La deuxième partie de l’ouvrage fait un inventaire assez précis et même dans une certaine mesure exhaustif des différentes organisations criminelles. Elles sont classées par continent et même les plus petits groupes comme la Stidda sont évoqués. La Stidda a été fondé en 1985 par des dissidents de la mafia qui ne supportaient plus l’autorité des Capi de Corleone. Ce groupe qui est situé dans la région d’Agrigente semble s’être spécialisé dans les jeux de hasard, le trafic d’êtres humains et la prostitution. Ces mafieux font preuve également d’une extrême violence, et ils se situent très loin du « code d’honneur », de la mafia sicilienne traditionnelle. Ils recrutent des marginaux et des laissés-pour-compte du développement économique de l’Italie du Sud.
L’ouvrage reprend la plupart des informations qui sont assez connues sur les mafias d’Asie, comme les triades chinoises, les Yakusa au Japon et la mafia turque, en présentant d’ailleurs des cartes tout à fait précise sur les routes des principaux trafics ainsi que sur les zones de production de produits stupéfiants.
L’auteur évoque également les organisations criminelles transnationales africaines, notamment au Nigéria et en Afrique du Sud. Celles-ci se sont développées grâce à des gangs libanais mais il semblerait que les structures autonomes commencent à émerger. Il est clair que l’Afrique qui doit faire face au fléau de la corruption est particulièrement vulnérable devant ce type de développement. Au Nigéria, les gangs se sont constitués sur des bases ethniques et Lagos est devenu une plaque tournante du commerce de l’héroïne entre l’Asie et l’Amérique du Nord. Le trafic d’armes, les arnaques sur Internet trouvent également au Nigéria un terrain propice. Les conflits interethniques, les mouvements séparatistes permettent également d’alimenter un trafic d’armes qui vient compléter les revenus parfois considérables du braconnage d’espèces menacées qui trouvent leurs débouchés en Asie orientale. (Ivoire, cornes de rhinocéros ; etc.)

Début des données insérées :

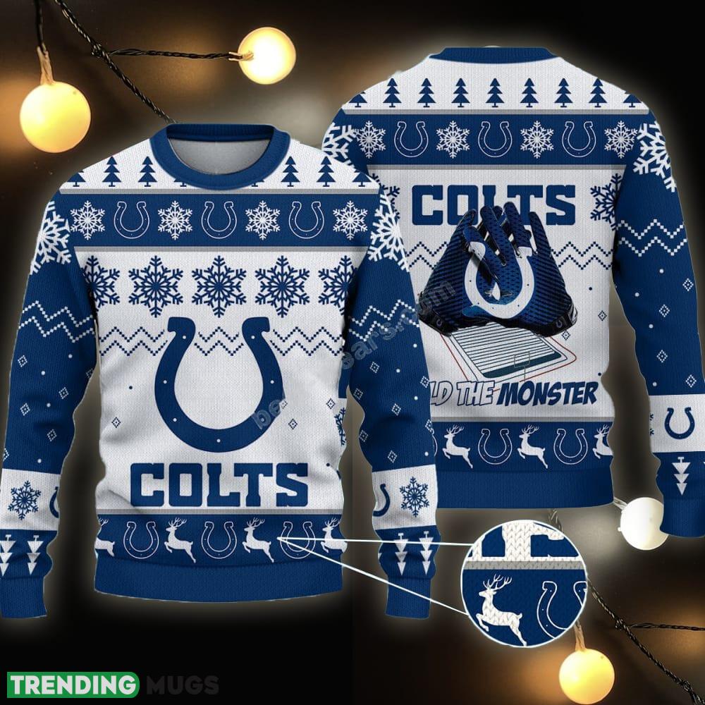 Featuring the iconic Indianapolis Colts logo prominently displayed on the front, this sweater is a must-have for game days, holiday parties, or just cozy nights by the fire. The vivid team colors and festive holiday design make it a standout piece that will surely attract compliments and turn heads wherever you go.

La troisième partie de cet ouvrage est consacrée aux moyens de lutte contre ce fléau. Force est de constater que les instances internationales sont désarmées. La mondialisation qui favorise les échanges de toute nature offre autant d’opportunité aux OCT pour leurs trafics divers.
Dans le même temps, la coopération internationale, la circulation des informations en temps réel peuvent largement favoriser les actions de police contre les organisations criminelles. Mais il ne semble pas évident que cela suffise. Les profits générés par les activités illicites sont tels qu’ils permettent d’acheter toutes les complicités quels que soient les états où les organisations criminelles transnationales cherchent à s’implanter. On n’y trouve tout de même ici aussi un inventaire tout à fait exhaustif des conventions et des accords d’application régionale qui permette de lutter contre ce fléau.
On conclura en faisant une comparaison entre les 140 millions de dollars de budget annuel de l’organisation des Nations unies contre la drogue et la criminalité et des 400 milliards de dollars générés uniquement par le trafic de stupéfiants. De plus, même si la lutte contre les paradis fiscaux qui favorisent le blanchiment de l’argent des réseaux criminels est à l’ordre du jour, il n’est pas évident que les micros états dans lesquels ces paradis fiscaux se situent soient en mesure de résister aux tentations de profits générés par ces activités.